A: Well, it’s still on and off. I started getting paid gigs...even back then it's inconsistent. Probably the most consistent, when I started getting consistent work, was maybe five or six years ago? Even then that wasn't all the time consistent. It was just more regular than it ever had been up to that point.
Q: Is there a kind of a line between being a kind of sometime teaching artist and a professional, like “now, I’m a professional?”
A: (Nods) Like, yeah. “Now, I'm doing this pretty frequently…designing classes, you know, I’m having a style that I'm working towards, I have a methodology, a philosophy?” Yeah, then maybe that would be about five years ago I would have started conjuring those ideas more deeply.
Q: What makes a professional teaching artist?
A: I think…(laughs) well, uh, it's such a huge question. There are so many ways to answer it. I think number one is there's gotta be training.... I think training is a big part of it, because I feel like, even when I started giving workshops it took me a while to figure out how to do them properly…to develop your sort of like teacher persona. And that's something that you get with experience and training.
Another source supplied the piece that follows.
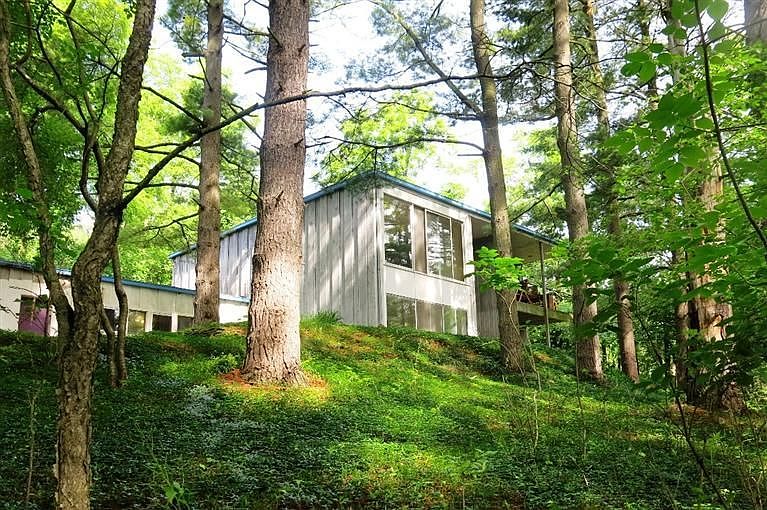 Classic mid-century modern designed by architect David Osler & built for artist Milton Kemnitz on a wooded 1.73 ac site across from Bird Hills Nature Area. Composed to bring the outside in w/walls of windows to enjoy the stunning, private views! 2-sty foyer. Upper level has newer maple flrs thru-out, a spacious sun filled LR w/recessed lighting, cedar paneled wall & huge windows. Updated gourmet kitchen w/skylight, beautiful cherry stained cabs, granite c-tops, SS apps & lots of space to cook & entertain. Lrg dining space w/windows galore has recessed lighting, a wall of blt-in cabs for serving & add'l storage & sliding dr to covered deck (easily screened-in). Mstr suite w/2 closets & laundry chute. Mstr bath has a skylight, tiled tub/shower w/glass dr & ceramic flr. W/O LL has a lrg FR, storage/rec rm w/blt-in sink (designed as M. Kemnitz's art studio),2 bdrms w/Berber carpet & 2nd tiled bath. Updates: new roof, gutters, interior/exterior paint & more. Exceptional one-of-a-kind home!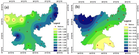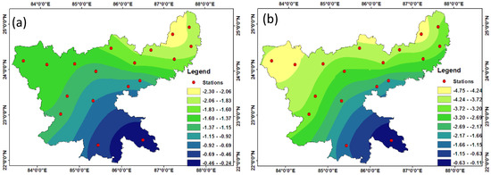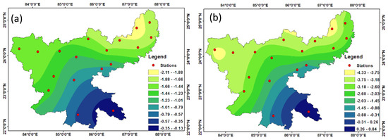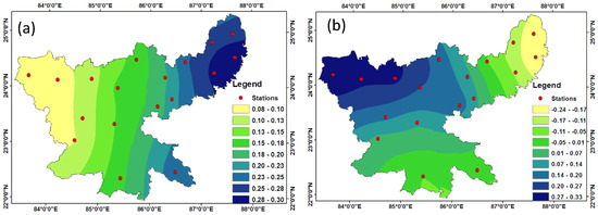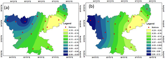 To analyze the spatial behavioral changes in rainfall, the linear regression slope of each station was interpolated using Kriging in ArcGIS environment for the whole study period (1901–2002) and after shift (1952–2002) which is shown in Figure 7, Figure 8, Figure 9, Figure 10 and Figure 11. The interpolated linear slopes for the annual precipitation for the period 1901 to 2002 (Figure 7a) indicated a negative slope all over the entire study area while for period 1952–2002 (Figure 7b), it varied from positive to negative. Positive linear slopes were found in Northern and South Eastern region that showed a decrease in rainfall from north to south east direction. For the whole study period, the negative slope value (which decreased up to −2.10 mm/year) was less in comparison to entire duration (up to −4.33 mm/year) in annual rainfall. While the rise in magnitude of trend is found only after the shift point (up to 0.84 mm/year). During monsoon season (Figure 8a,b) decrease in rainfall magnitude varied from −0.23 to −2.29 mm/year for the whole study period. The maximum negative slopes were shown by Deogarh, Godda, Dumka, Sahibganj, and Pakaur. The rainfall magnitude varied from −0.11 to −4.75 mm/year after shift point. Maximum negative slopes were shown by Chatra, Palamau, Deogarh, Kodarma, Godda, Dumka, and Sahibganj. Decline in rainfall increased during the period 1952-2002 as compared to the period 1901–2002.

I think you gotta have, like any organization or any person doing anything, you gotta have a commitment to certain values, which drives the whole project forward. And those are the kinds of…when you really check in with your values that's how you find out how you're going to teach certain skills, why you're teaching certain skills, what benefit you see your students getting. And those all come from what you value.
Like, I value the narrative…empowering people. So for me, I'm really interested in teaching people basic storytelling skills. And a lot of people ask me technical questions about theater or acting, but I think ultimately, and I say this all the time, you can get technical skills all kinds of different places. But my personal emphasis as a teaching artist, for performance, is I want people to really get to a place where they can connect as humans with themselves, with the audience, with their fellow scene partners. And when we have that human connection, then they can do all the more technical study after that. But for me, because I know that's what I value as a person, that's what I emphasize in my teaching, you know…for example. (laughs)

Thus ended the lunch. Thanks to Anthem for being so generous as to share. I will post more interviews, or something else, soon, or at some point.